Below are several records. Retype exactly those lines running from the one with "與宋楚瑜談話結束後,蔡英文在" through the one with "A thoughtful balance", end lines included, and no others.

- [Materials provided]:
*** Block opens ***
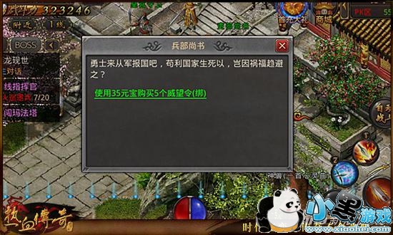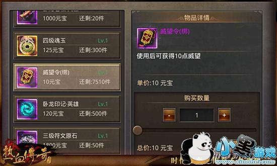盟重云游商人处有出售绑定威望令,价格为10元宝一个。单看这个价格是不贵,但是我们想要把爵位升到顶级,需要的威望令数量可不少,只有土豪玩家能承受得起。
*** Block closes ***
*** Block opens ***
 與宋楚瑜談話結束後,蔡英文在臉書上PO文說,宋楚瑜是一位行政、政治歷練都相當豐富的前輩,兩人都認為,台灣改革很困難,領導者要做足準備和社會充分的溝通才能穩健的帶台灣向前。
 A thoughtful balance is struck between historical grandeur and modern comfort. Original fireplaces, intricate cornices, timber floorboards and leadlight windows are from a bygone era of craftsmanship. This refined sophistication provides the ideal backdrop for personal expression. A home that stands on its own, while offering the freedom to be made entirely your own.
*** Block closes ***
- [Solution to the exercise]:
 與宋楚瑜談話結束後,蔡英文在臉書上PO文說,宋楚瑜是一位行政、政治歷練都相當豐富的前輩,兩人都認為,台灣改革很困難,領導者要做足準備和社會充分的溝通才能穩健的帶台灣向前。
 A thoughtful balance is struck between historical grandeur and modern comfort. Original fireplaces, intricate cornices, timber floorboards and leadlight windows are from a bygone era of craftsmanship. This refined sophistication provides the ideal backdrop for personal expression. A home that stands on its own, while offering the freedom to be made entirely your own.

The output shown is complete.